# Common Challenges Students Have in Algebra

“Algebra is the intellectual instrument which has been created for rendering clear the quantitative aspects of the world.”

-Alfred North Whitehead

Mathematics can be an intimidating subject for students, but with the right teaching strategies, educators can engage students in the subject matter and assist them in better understanding complicated concepts.

Algebra has been often quoted as one of the most important pillars in the domain of mathematics. It is widely accepted that to ensure a solid grounding in algebra and higher mathematics, students in lower classes should get some exposure to concepts and principles that prepares them for a more formal study of algebraic concepts in later classes. Algebra is much more than just solving for x and y, it’s a way of thinking and approaching conceptual problems with variable entities and logically reasoning them out successfully.

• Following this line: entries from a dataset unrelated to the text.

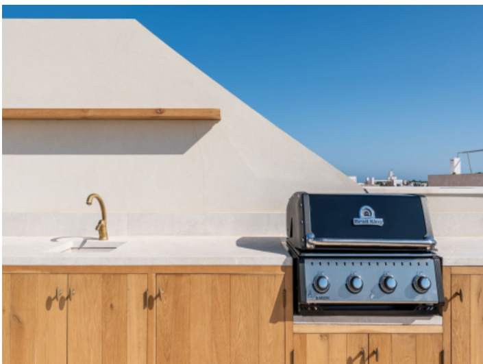
Dachterasse mit BBQ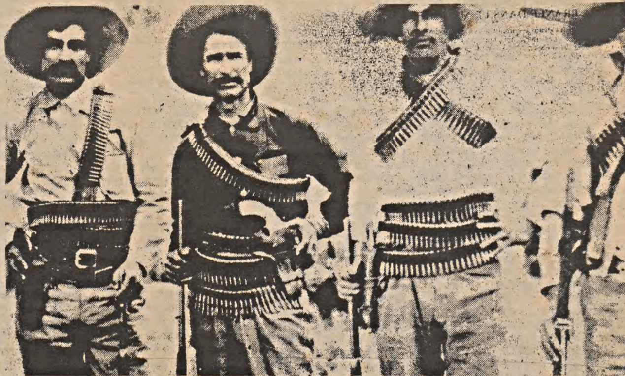
Revolucionários Mexicanos: "A revolução é um momento, o revolucionário todos os momentos."

A situação após 38 anos de ditadura do general Porfírio Díaz ficou insustentável, a miséria entre o povo e a acumulação de riquezas entre uns poucos chegou a níveis talvez nunca vistos na história humana. E explodiu a Revolução! O grito de "TERRA E LIBERDADE!" levantado primeiramente pelo anarquista Ricardo Flores Magón e seus companheiros, e posto em prática pelo líder guerrilheiro Emiliano Zapata e os camponeses do Estado de Morelos (sul do país), foi ouvido em todo o mundo.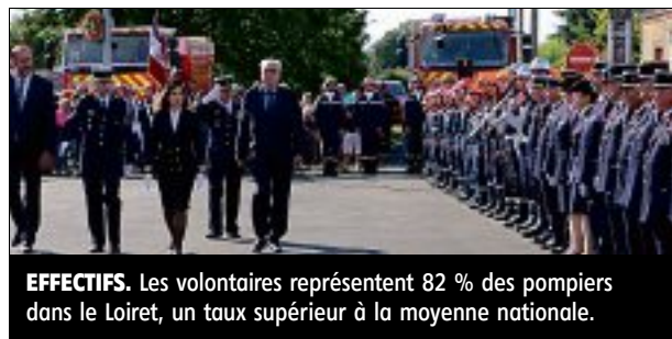
EFFECTIFS. Les volontaires représentent 82 % des pompiers dans le Loiret, un taux supérieur à la moyenne nationale.

Le 125 e congrès départemental des sapeurs-pompiers s'est déroulé samedi, à Ouzouer-sur-Loire.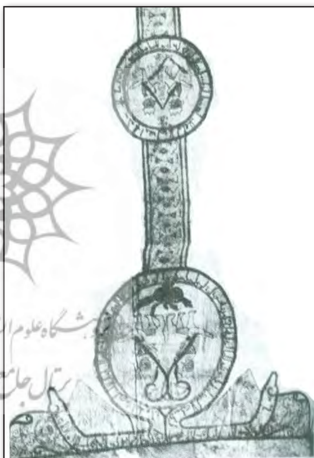
تصویر ۳. پوشش سنت آن. دوره فاطمی. ۹۰۶-۹۰۷ م.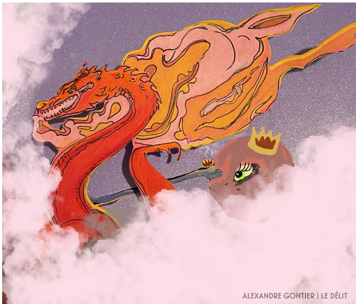
ALEXANDRE GONTIER | LE DÉLIT

Les contes de fées sont puissants ; qui ne connaît pas le trope du prince charmant sauveur qui délivre une princesse sans défense d'une menace quelconque? Les stéréotypes résultant de la perception genrée du prince actif et de la princesse passive nous sont sans cesse renvoyés à travers les figures du prince sauveur, de la princesse en détresse et de la menace, trois figures qui se définissent mutuellement grâce à leur position respective par rapport aux rôles des deux autres. Ainsi, la princesse en détresse doit sa raison d'être à une relation d'adversité entre une menace et un prince sauveur, tout comme la menace tient son rôle d'antagoniste grâce à la relation « sauveur-sauvée » entre le prince et la princesse. Le prince charmant, quant à lui, ne pourrait pas être le sauveur en armure en l'absence d'un adversaire qui l'empêche de gagner les faveurs d'une princesse « adorée » à délivrer. Selon l'anthropologue Emily Martin dans un article écrit en 1991, ce trope serait tellement ancré dans notre imaginaire collectif qu'il influencerait nombre des récits que nous construisons afin de donner du sens à la vie, incluant notre perception de la fécondation entre le spermatozoïde et l'ovule dans la littérature scientifique.

**Some common difficulties faced by new students in this domain are as follows:**

**1- ****Poor Mathematical Foundations**:

To be able to solve various types of algebraic expressions, one needs to first work on strengthening his/her fundamentals concepts in basic mathematics like arithmetic and number theory. You need to have a clear understanding of how basic math’s works in order to solve problems needing the use of more complex mathematical concepts. Lack of primary knowledge leads to committing various silly errors in the course of arriving at the conclusion.

**2- Lack of Clarity While Solving Basic Equations**

Solving equations comes at the center of algebra studies. Students start by learning to solve simple linear equations with just one variable and build on that to more complex and difficult problems. If students have not had a solid foundation in understanding the steps necessary in how to solve equations, it might be a bit challenging for them.

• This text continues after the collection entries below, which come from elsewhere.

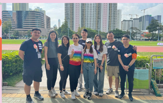
校友會委員義務出席校運會提供協助。

學校第二十三屆校運會於4月17日(星期四)在深水埗運動場舉行，當日天氣非常好，校友會主席，副主席及多位委員義務出席提供協助，本會主席更為大會提供救傷服務。運動場上，同學們傾盡全力比賽，並設有親子競技樂及師生接力賽，家長們及老師們與同學歡呼聲此起彼落，場面十分熱鬧。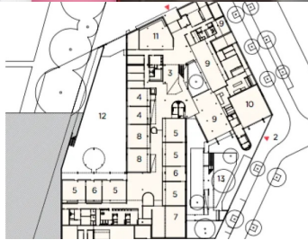
Plan de rez-de-chaussée: 1. Entrée principale 2. Accès salle de sport 3. Hall 4. Centre de loisirs 5. Classes maternelles 6. Ateliers 7. Salle de motricité 8. Salles de repos 9. Salles à manger 10. Salle de sport 11. Bibliothèque 12. Cour maternelle 13. Jardin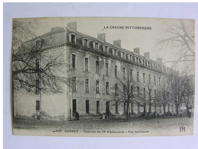
Caserne des Augustines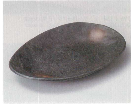
195-6-274 備前マルチプレート 大 2,350円 27.2×18.1×3.4cm 24704271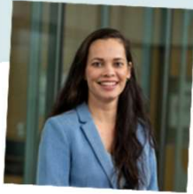
Opdrachtnemer Europese programma's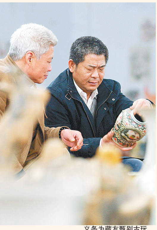
义务为藏友甄别古玩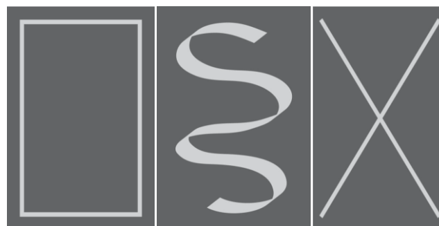
Figura 2: Aplicaciones no recomendadas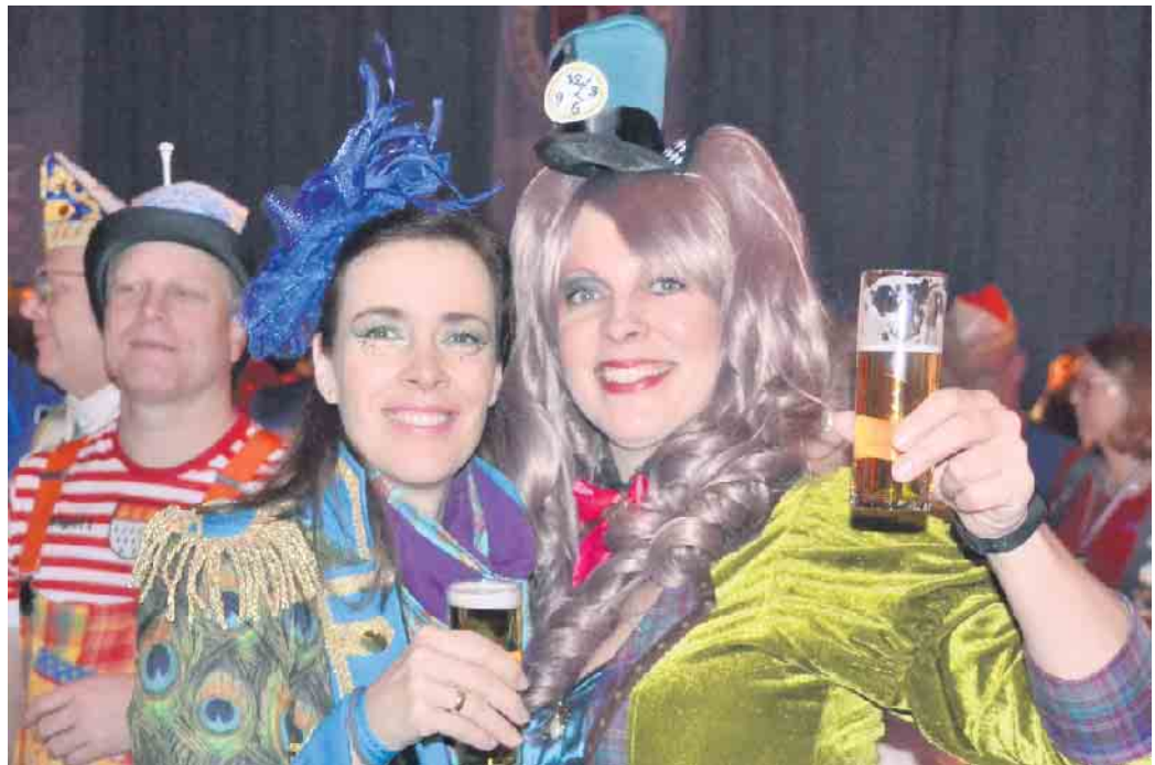
Die Jecken, weiblich wie männlich, feierten ausgelassen auf der Prunksitzung der Narrenzunft

Mit Stadtrand endete eine stimmungsvolle Zunftszene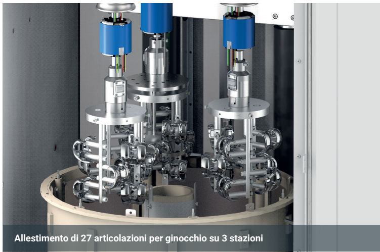
Allestimento di 27 articolazioni per ginocchio su 3 stazioni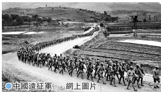
●中國遠征軍。

1944年4月，為實施滇西大反攻的中國遠征軍滇西部隊組建完成。為了打好這場仗，向同盟國表明中國人民抗戰決心意志，蔣介石命令，除了原有的第6軍、第8軍、第53軍和第54軍等國民黨中央軍精銳部隊外，將國民黨中軍精銳第2軍、第5軍和第71軍也全部編入滇西中國遠征軍。滇西大反攻由中國遠征軍代總司令衛立煌指揮，參戰部隊有宋希濂為總司令的第11集團軍和霍揆彰為總司令的第20集團軍兩個集團軍及直屬特種兵部隊，共16個師16萬多人，先期在怒江邊集結的兵力約10萬人。但據有關資料，遠征軍師的編制應為1.3萬人，由於長期嚴重缺編，兩集團軍16個師僅實達12萬餘人，反攻開始時僅實有7.2萬人。遠征軍長官司令部駐怒江東岸保山板橋附近的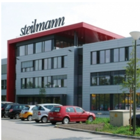
Steilmann-Sitz in Rünthe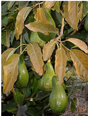
21 Persea americana LAURACEAE

Rapid Color Guide # 518 versión 1 06/2013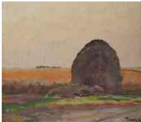
Tornyai János: Boglya, 1909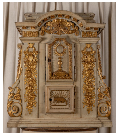
Tabernacle de l'ancien maître-autel, bois peint et doré, 2e quart 17e siècle. IVR32_20226000916NUCA

A simple way to make a child understand how to solve equations is thinking of the problem as a balance, where each side has to remain balanced and the equals sign acts as a pivot.

**Three steps to solving problems efficiently: **

Sometimes you will see a problem and there will instantly be a roadmap to the solution running through your mind. At other times, you’ll be so confused that you might get the feeling, “Have I ever even studied algebra?”. These are few steps to keep in mind while attempting the problem that may make it a lot easier to get to the solution:

**1- Clear your perception about the problem **

- Try figuring out where you stand with regards to the problem.
- Be precise while reading the question.
- Identify the known and the unknown quantities.
- Start thinking about the techniques that could be useful, and the kinds of answers you may expect to find.

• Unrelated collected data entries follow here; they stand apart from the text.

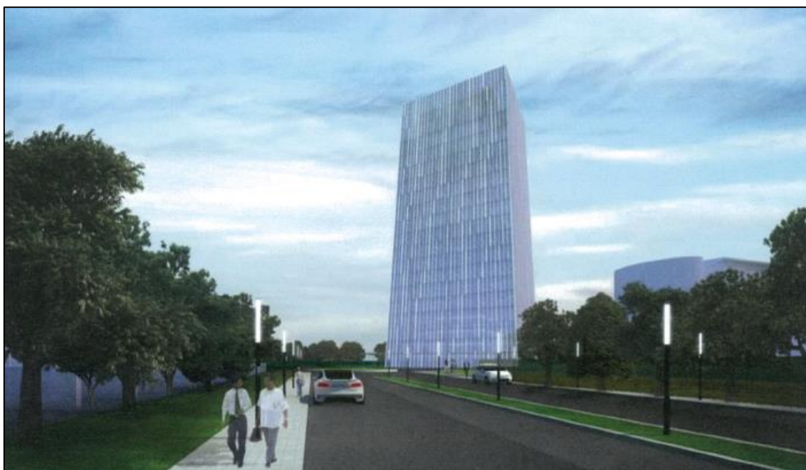
ที่มา : รายงานการประเมินผลกระทบสิ่งแวดล้อม โครงการอาคารสำนักงานและการศึกษา, 2561

อาคารสำนักงานและการศึกษาของโครงการ มีรูปแบบทางสถาปัตยกรรมเป็นอาคารแนวสมัยใหม่ (Modern) มีแนวความคิดการออกแบบให้สอดคล้องกับสภาพพื้นที่ เน้นการประหยัดพลังงาน และเกิดความสะอาดสบายในการทำงาน รูปทรงของอาคารเป็นรูปสี่เหลี่ยม พร้อมทั้งเลือกใช้แสงสว่างแบบธรรมชาติ เน้นความสวยงามของอาคาร โดยมีการเลือกใช้กระจกที่มีประสิทธิภาพสูงในการป้องกันความร้อน เพื่อช่วยในการลดความร้อนเข้าสู่ตัวอาคาร และเนื่องจากอาคารเป็นด้านเท่า ส่วน Core และ Service อยู่กลาง พื้นที่ทำงานอยู่รอบ ทิศทางในการวางแนวอาคารจึงไม่มีผลในการจัดวางแนวอาคาร ส่วนรูปแบบอาคารที่เป็นรูปสี่เหลี่ยมจะเป็นผลดีต่อการจัดพื้นที่ภายใน เพราะมุมภายในอาคารยังคงเป็นมุมฉาก การจัด Furniture มีความพอดีกับพื้นที่ทำให้เป็นการใช้พื้นที่อย่างคุ้มค่า สำหรับรูปแบบการออกแบบพื้นที่ภายนอกอาคาร ได้จัดเป็นพื้นที่สีเขียวบริเวณทางเข้าอาคารด้านหน้า เพื่อเป็นพื้นที่พักผ่อน ดังรูปที่ 2.4-1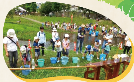
▲「こども川の日」 水鉄砲で遊ぶ子どもたち (梅田川水辺の楽校協議会主催)

農家で余ったキャベツの葉をもらい、水路に置いてカワニナ(ホタルの餌)の餌にしている(新治谷戸田を守る会)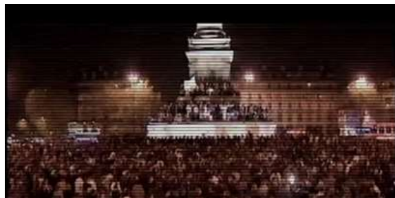
Imagem 8 - Em defesa do corpo social

**2- Break up the problem into a set of smaller sub problems **

A perplexing problem is often just several simple questions stuck together. Maybe you do not know how to find all the variables all at once, but you might be able to figure them out one at a time.

**3- Don’t abandon the problem **

As you keep examining your problem from different angles, you’ll find the answer eventually. Take a second to step back from time to time and look it over in a different way. Try going back over your notes. Sooner or later, you’ll find the right solutions.

**Developing new study styles**

As the module materials are all online, one should learn to make the most of the tools available on the computer and develop new study habits incorporating them, such as:

- Reading the module materials on the computer or mobile device, rather than printing them out.
- Making notes on the computer using online or offline annotation software.
- Being aware of when one needs to be online and able to download material and work offline.

You may be used to annotating your study books with a pen or highlighter, and you can do this electronically in PDF documents and web pages. And also one can bookmark various websites for future reference.

**Digital learning**

In today’s digital world, the use of technology can be a critically important tool in helping students develop all kinds of skills. Technology has become an essential tool for teaching and

math in particular is benefited as it can be used to show students a variety of ways to approach mathematical ideas and processes, allowing teachers to deviate from traditional models of instruction that students may find less engaging.

If teachers are able to use technology to engage students in mathematics and encourage them to cultivate math skills and understand the conceptual parts in depth, it will go a long way towards preparing students to succeed in the careers of the future.